Introduction
As BDD frameworks go, Behat has got to be one of the best.. of any language!
When it first caught my eye at the start of this year, I noticed that it had been really well thought out programmatically, had bags of potential as a Cucumber-alternative, and already suited me greatly as a PHP developer. However, it was a beta product, lacking in documentation, and a little rough around the edges.
It was for this reason I wasn’t able to fully convince my team at BSkyB that we should start using it (we voted for JBehave/Selenium – something which we are now regretting!). Instead, I set about experimenting with it in my spare time to bring it back to the table as a viable option again later (very soon in fact!).
Anyway 6 months on, Behat’s author Konstantin Kudryashov has done an amazing job of progressing the framework, and has succeeded in adding some powerful new features.

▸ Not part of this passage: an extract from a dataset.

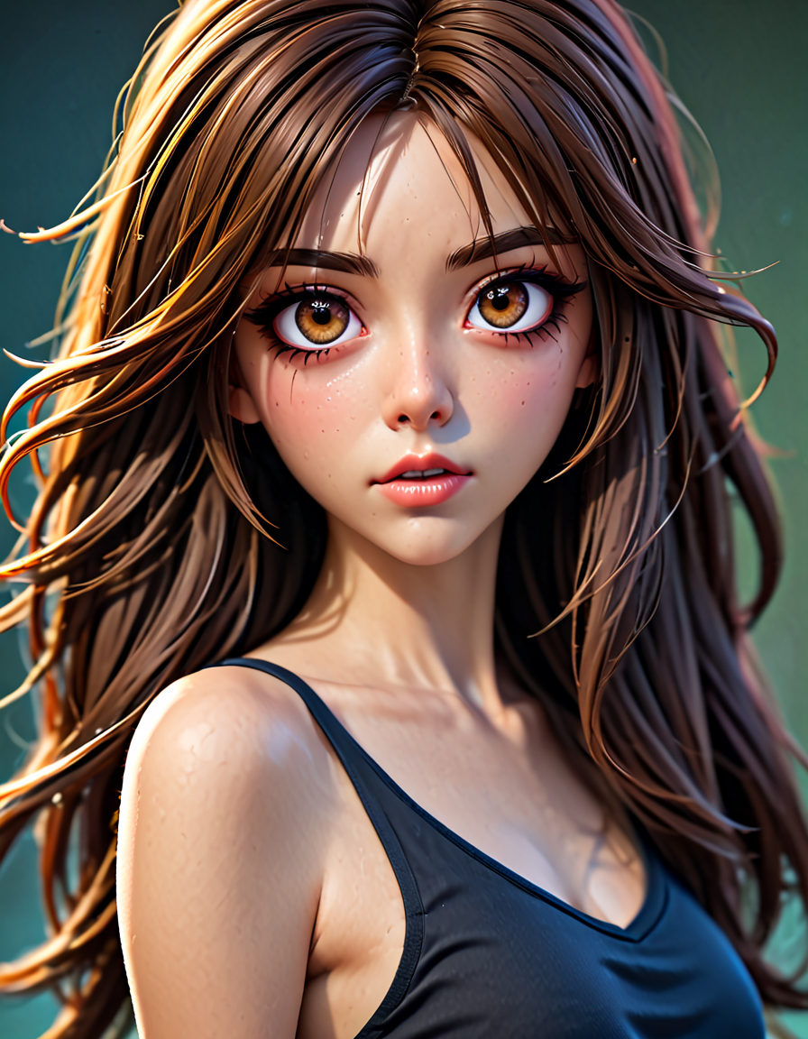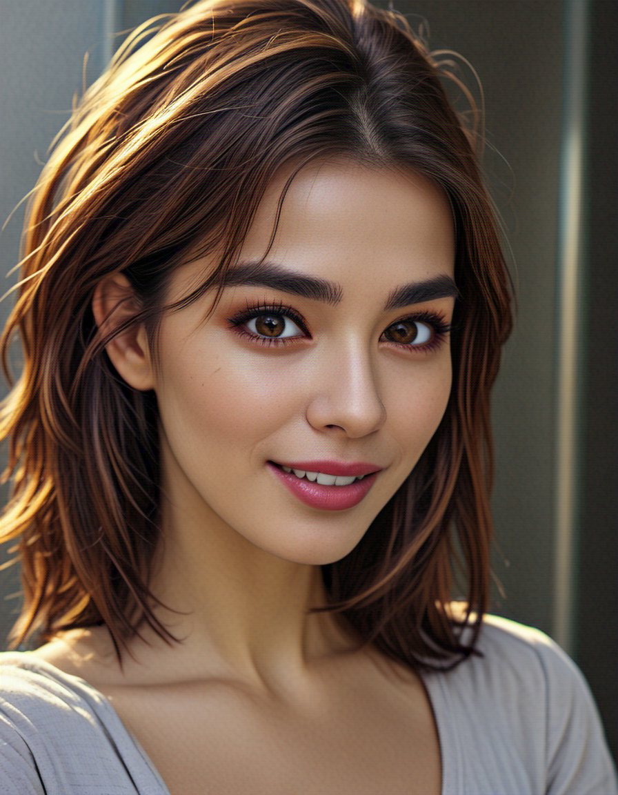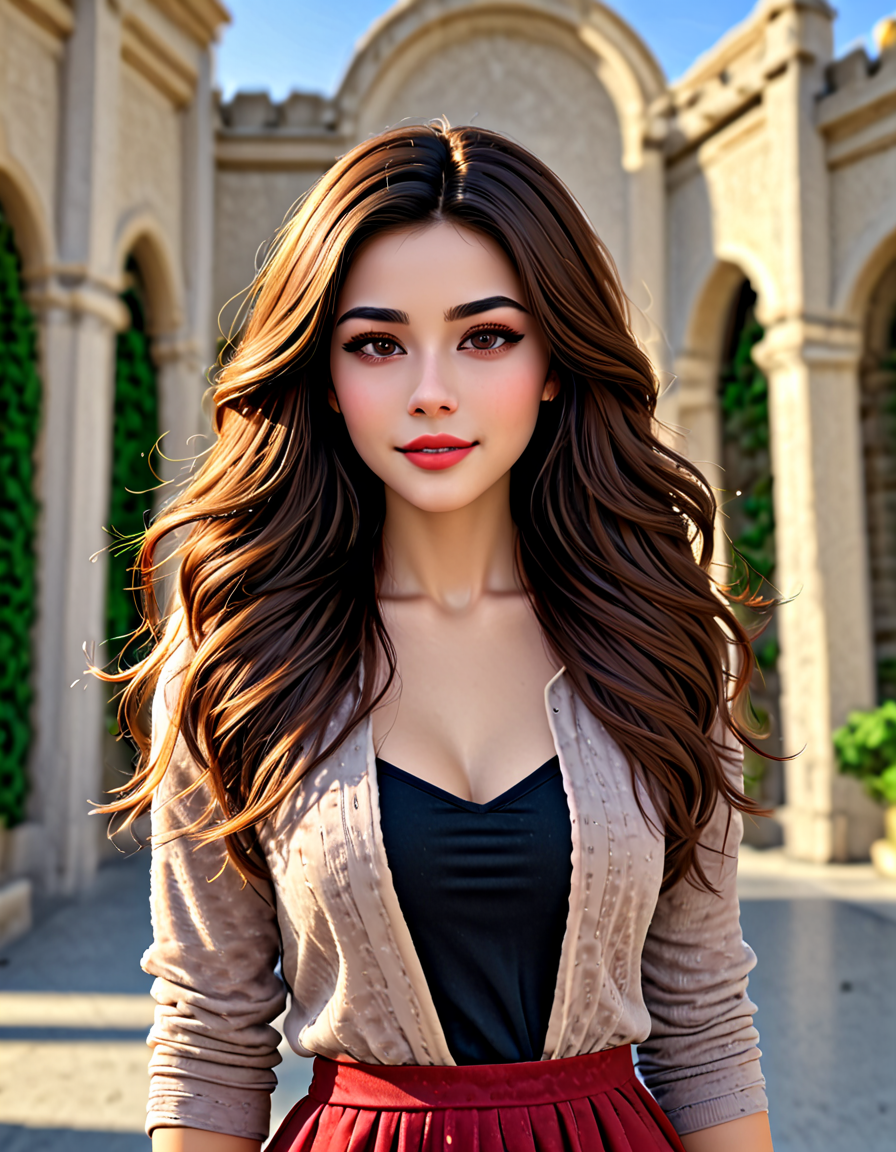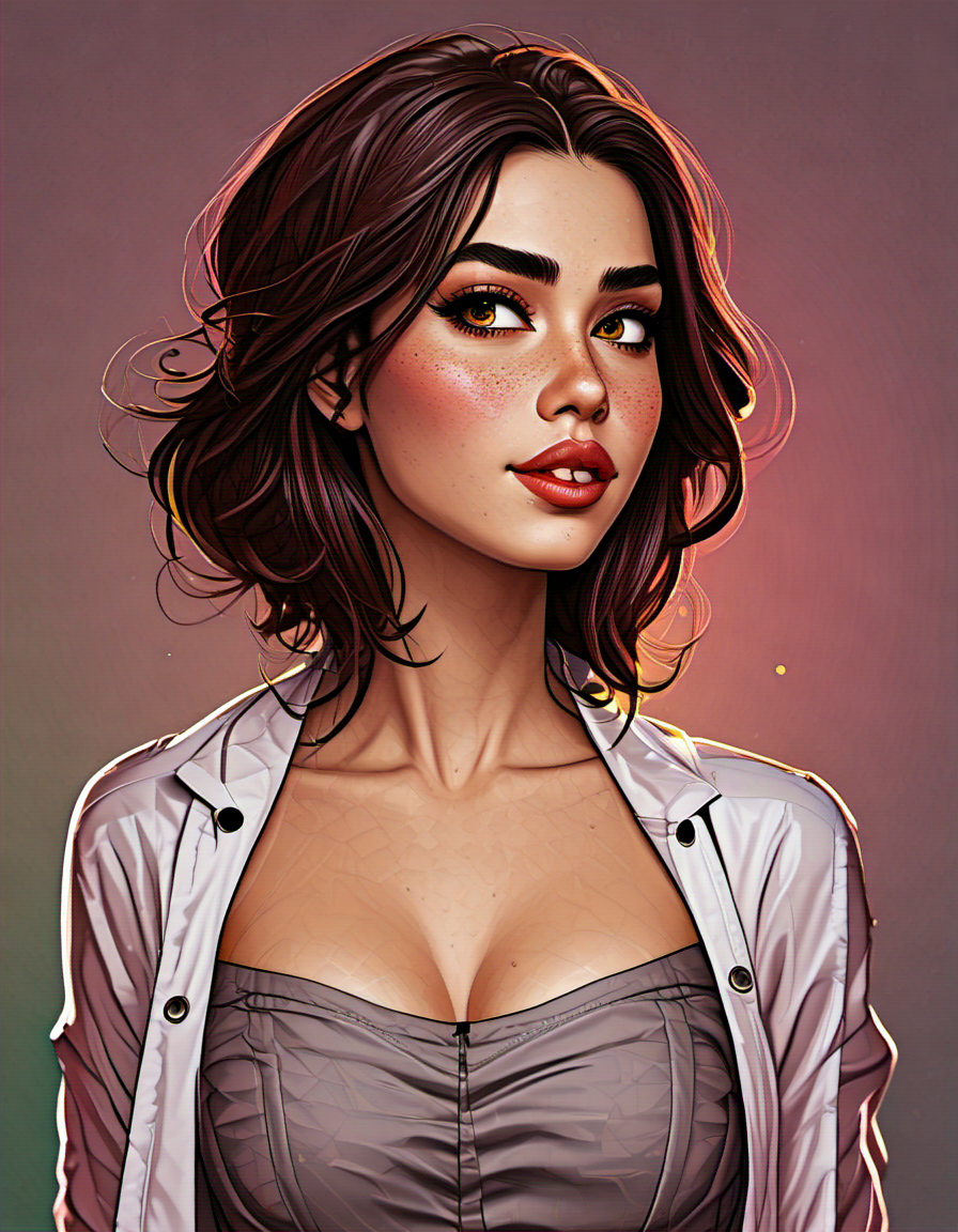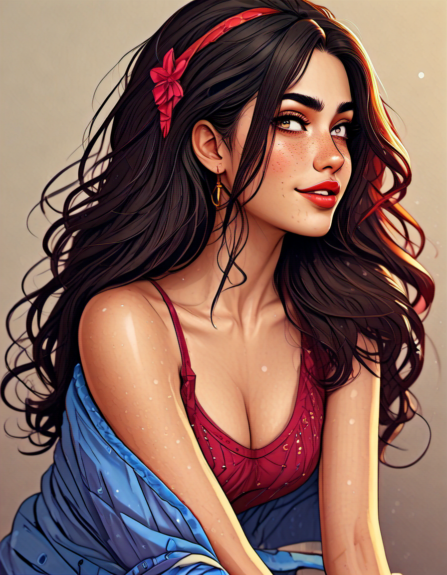 Sofia from Portugal, medium shoulder-length chocolate hair parted in the center with red streaks, brown eyes, curved nose, thick lips, dimples, perfect teeth, teasing look

Mink is one of them: A decoupled emulated browser abstraction layer which, by default, ties in Goutte client (headless PHP-based emulated browser, not meant for javascript websites), or Sahi (a brilliantly strong, but lesser known Selenium competitor) for using real browsers for testing.
You can also add or create any other PHP drivers you want too, using the neat interfaces Konstantin has created.
Hmm.. Only real browsers with Sahi you say? Well, today that is not strictly true.
I recently discovered PhantomJS and was very impressed with what you can do with it. PhantomJS is a full-stack headless WebKit browser, with full Javascript support and, as of v1.1.0, network proxy support. Bingo! I immediately set about trying to get this working with Behat, using Mink/Sahi as the test broker.
OK, enough introduction. Lets see some action!
Context
For me personally, I write and execute my Behat tests in OSX, but my Sahi and PhantomJS instance are on a Windows XP machine somewhere else on the network.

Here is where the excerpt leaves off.